_SOURCE MATERIAL_:
==================================================

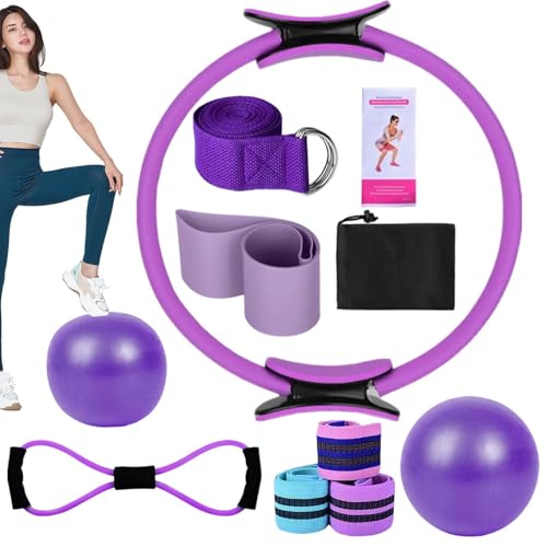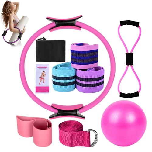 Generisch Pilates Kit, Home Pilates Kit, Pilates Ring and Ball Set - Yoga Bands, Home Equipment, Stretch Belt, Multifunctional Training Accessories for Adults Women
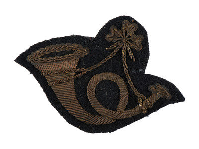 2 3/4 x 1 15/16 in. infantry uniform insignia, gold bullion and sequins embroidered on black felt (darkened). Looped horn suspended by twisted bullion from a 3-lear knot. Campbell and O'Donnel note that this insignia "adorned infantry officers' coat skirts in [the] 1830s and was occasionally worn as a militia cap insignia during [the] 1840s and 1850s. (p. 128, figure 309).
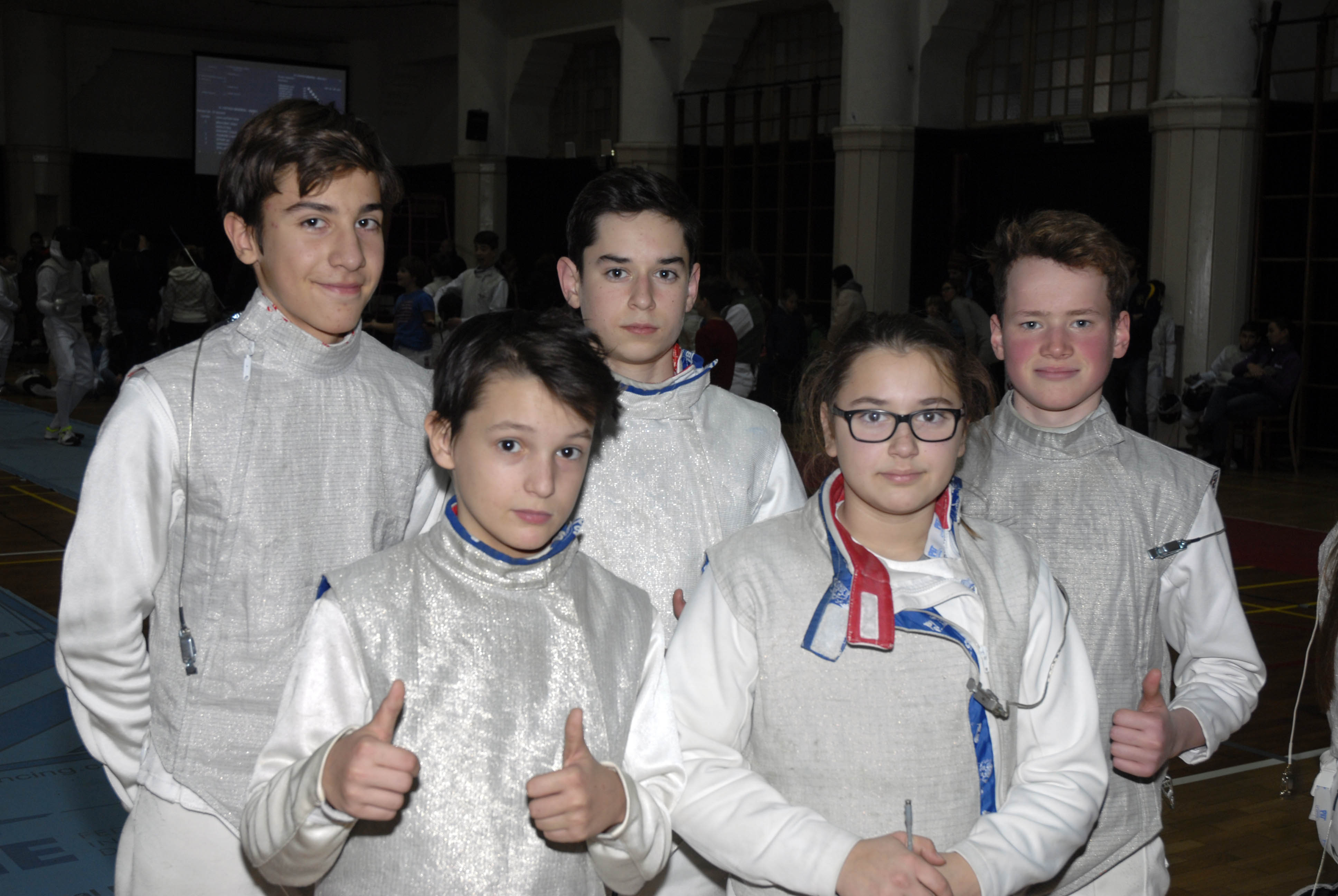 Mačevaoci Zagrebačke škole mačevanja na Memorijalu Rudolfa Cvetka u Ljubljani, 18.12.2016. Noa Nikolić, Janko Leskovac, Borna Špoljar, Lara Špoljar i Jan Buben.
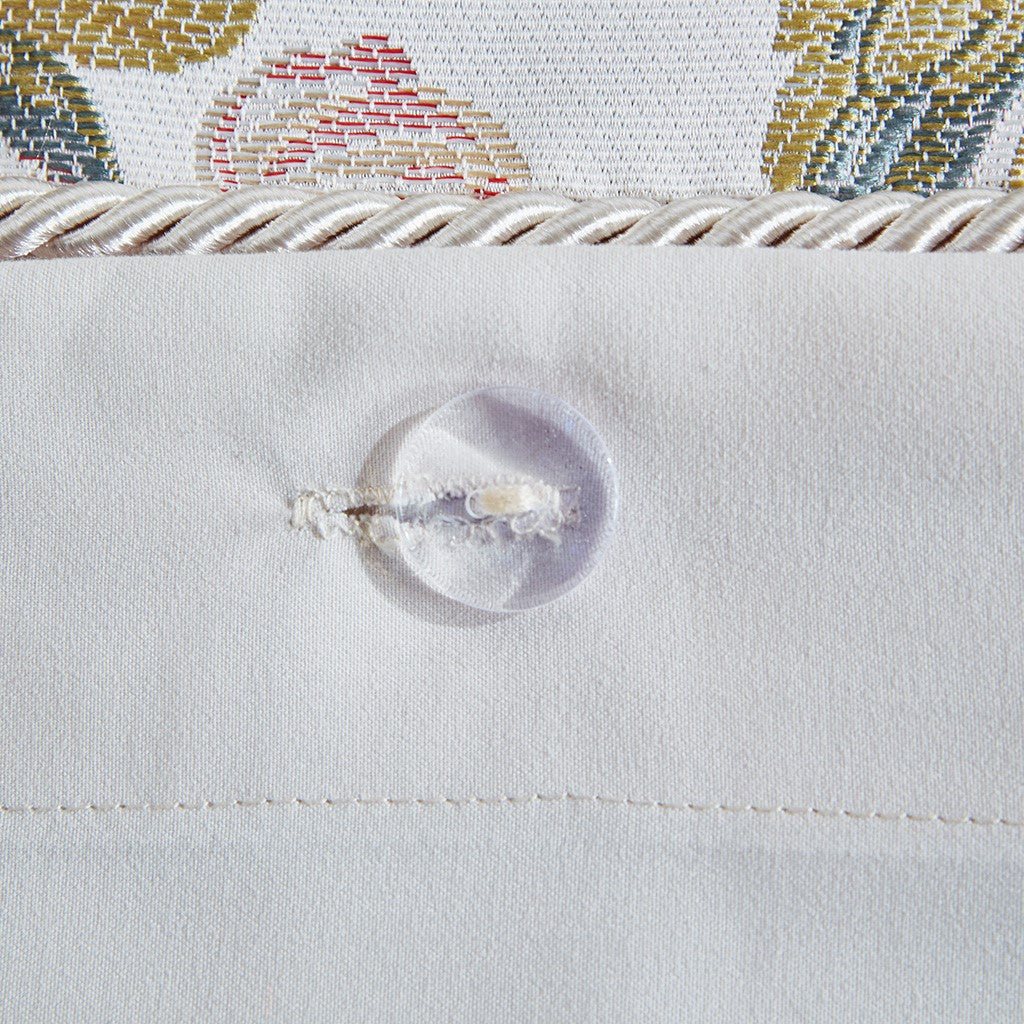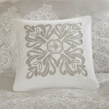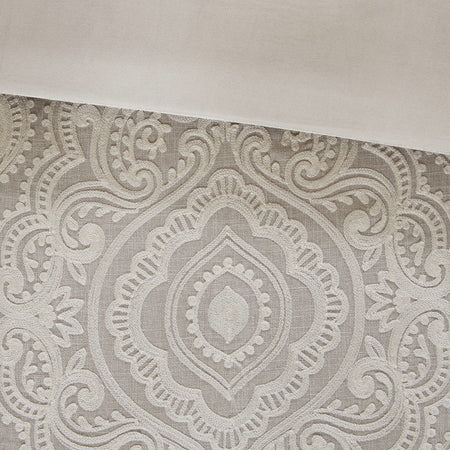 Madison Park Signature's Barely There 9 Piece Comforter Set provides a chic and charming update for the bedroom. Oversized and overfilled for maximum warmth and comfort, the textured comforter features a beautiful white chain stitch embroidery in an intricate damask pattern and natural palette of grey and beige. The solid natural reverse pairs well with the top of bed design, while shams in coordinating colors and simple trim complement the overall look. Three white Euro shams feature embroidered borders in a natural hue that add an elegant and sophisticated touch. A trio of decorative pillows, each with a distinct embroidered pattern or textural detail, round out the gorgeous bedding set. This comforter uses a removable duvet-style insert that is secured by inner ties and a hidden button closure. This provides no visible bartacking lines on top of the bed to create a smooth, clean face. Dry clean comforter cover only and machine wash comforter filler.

==================================================

_DIRECTIONS FOR THIS TASK_: Omit the pictures and output all of the other material exactly.

_EXPECTED ANSWER_:
 Generisch Pilates Kit, Home Pilates Kit, Pilates Ring and Ball Set - Yoga Bands, Home Equipment, Stretch Belt, Multifunctional Training Accessories for Adults Women
 2 3/4 x 1 15/16 in. infantry uniform insignia, gold bullion and sequins embroidered on black felt (darkened). Looped horn suspended by twisted bullion from a 3-lear knot. Campbell and O'Donnel note that this insignia "adorned infantry officers' coat skirts in [the] 1830s and was occasionally worn as a militia cap insignia during [the] 1840s and 1850s. (p. 128, figure 309).
 Mačevaoci Zagrebačke škole mačevanja na Memorijalu Rudolfa Cvetka u Ljubljani, 18.12.2016. Noa Nikolić, Janko Leskovac, Borna Špoljar, Lara Špoljar i Jan Buben.
 Madison Park Signature's Barely There 9 Piece Comforter Set provides a chic and charming update for the bedroom. Oversized and overfilled for maximum warmth and comfort, the textured comforter features a beautiful white chain stitch embroidery in an intricate damask pattern and natural palette of grey and beige. The solid natural reverse pairs well with the top of bed design, while shams in coordinating colors and simple trim complement the overall look. Three white Euro shams feature embroidered borders in a natural hue that add an elegant and sophisticated touch. A trio of decorative pillows, each with a distinct embroidered pattern or textural detail, round out the gorgeous bedding set. This comforter uses a removable duvet-style insert that is secured by inner ties and a hidden button closure. This provides no visible bartacking lines on top of the bed to create a smooth, clean face. Dry clean comforter cover only and machine wash comforter filler.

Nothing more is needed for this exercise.